Podniebne szkolenie podchorążych w 4 Skrzydle Lotnictwa Szkolnego
W 41 Bazie lotnictwa Szkolnego w Dęblinie oraz 42 Bazie Lotnictwa Szkolnego w Radomiu studenci wojskowi Lotniczej Akademii Wojskowej rozpoczęli praktyki lotnicze. Podchorążowie IV i V roku na lotniskach 4. Skrzydła Lotnictwa Szkolnego będą przebywać do późnej jesieni, a zaplanowany dla nich nalot wynosi kilka tysięcy godzin.
Szkolenie lotnicze rozpoczęli podchorążowie V roku studiów w LAW o specjalnościach: pilot samolotu odrzutowego, pilot samolotu transportowego i pilot śmigłowca. Szkolenie podchorążych będzie trwało do końca listopada br. i ma za zadanie wyszkolić 36 przyszłych adeptów lotnictwa. Na początku kwietnia dołączy do nich również 50 studentów IV roku.
Oprócz szkolenia na samolotach PZL-130 Orlik, M-28 Bryza i śmigłowcach Mi-2 oraz SW-4, rozpoczęto szkolenie kolejnego rocznika przyszłych pilotów M-346 Bielik. System kształcenia lotniczego na dobre pożegnał zasłużoną TS-11 Iskrę.
Pierwsza część praktyk to szkolenie naziemne, które składa się z bloku zajęć teoretycznych, treningów w kabinie samolotu oraz sesji symulatorowych na symulatorach lotów. Podchorążowie zapoznają się lub utrwalają wcześniej zdobytą wiedzę na temat docelowych statków powietrznych, procedur wykonywania lotów oraz korespondencji radiowej. Zostają również zapoznani z lokalnymi procedurami obowiązującymi na lotnisku. Przygotowanie naziemne kończy się egzaminem teoretycznym.

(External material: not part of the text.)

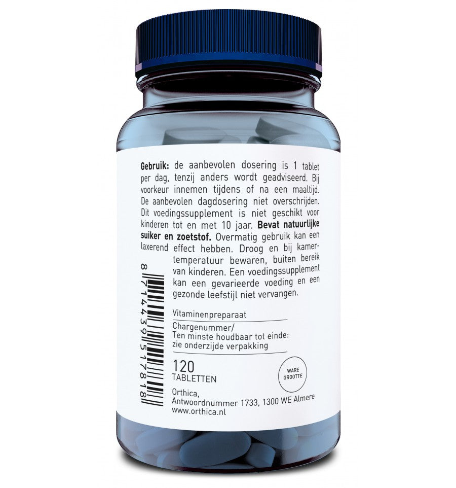 De aanbevolen dosering is 1 tablet per dag, tenzij anders geadviseerd. Bij voorkeur innemen tijdens of na een maaltijd. Dit voedingssupplement is niet geschikt voor kinderen tot en met 10 jaar. Bevat natuurlijke suiker en zoetstof. Overmatig gebruik kan een laxerend effect hebben.

Kolejny etap to szkolenie praktyczne. Podchorążowie przechodzą cykl treningów i przygotowań do lotów oraz opanowują technikę startów i lądowań. Następnie studenci będą zdobywać nowe umiejętności w doskonaleniu umiejętności w wykonywaniu operacji lotniczych w lotach z widocznością (VFR) oraz według wskazań przyrządów (IFR), a także w wykonywaniu lotów taktycznych i lotów w ugrupowaniach.
Zakłada się, iż do ukończenia „Szkoły Orląt” każdy podchorąży powinien wylatać około 350 godzin, z czego 200 godzin to nalot na wojskowych statkach powietrznych w 4 SLSz. Taki nalot pozwoli przyszłym lotnikom ubiegać się o 3 klasę pilota wojskowego.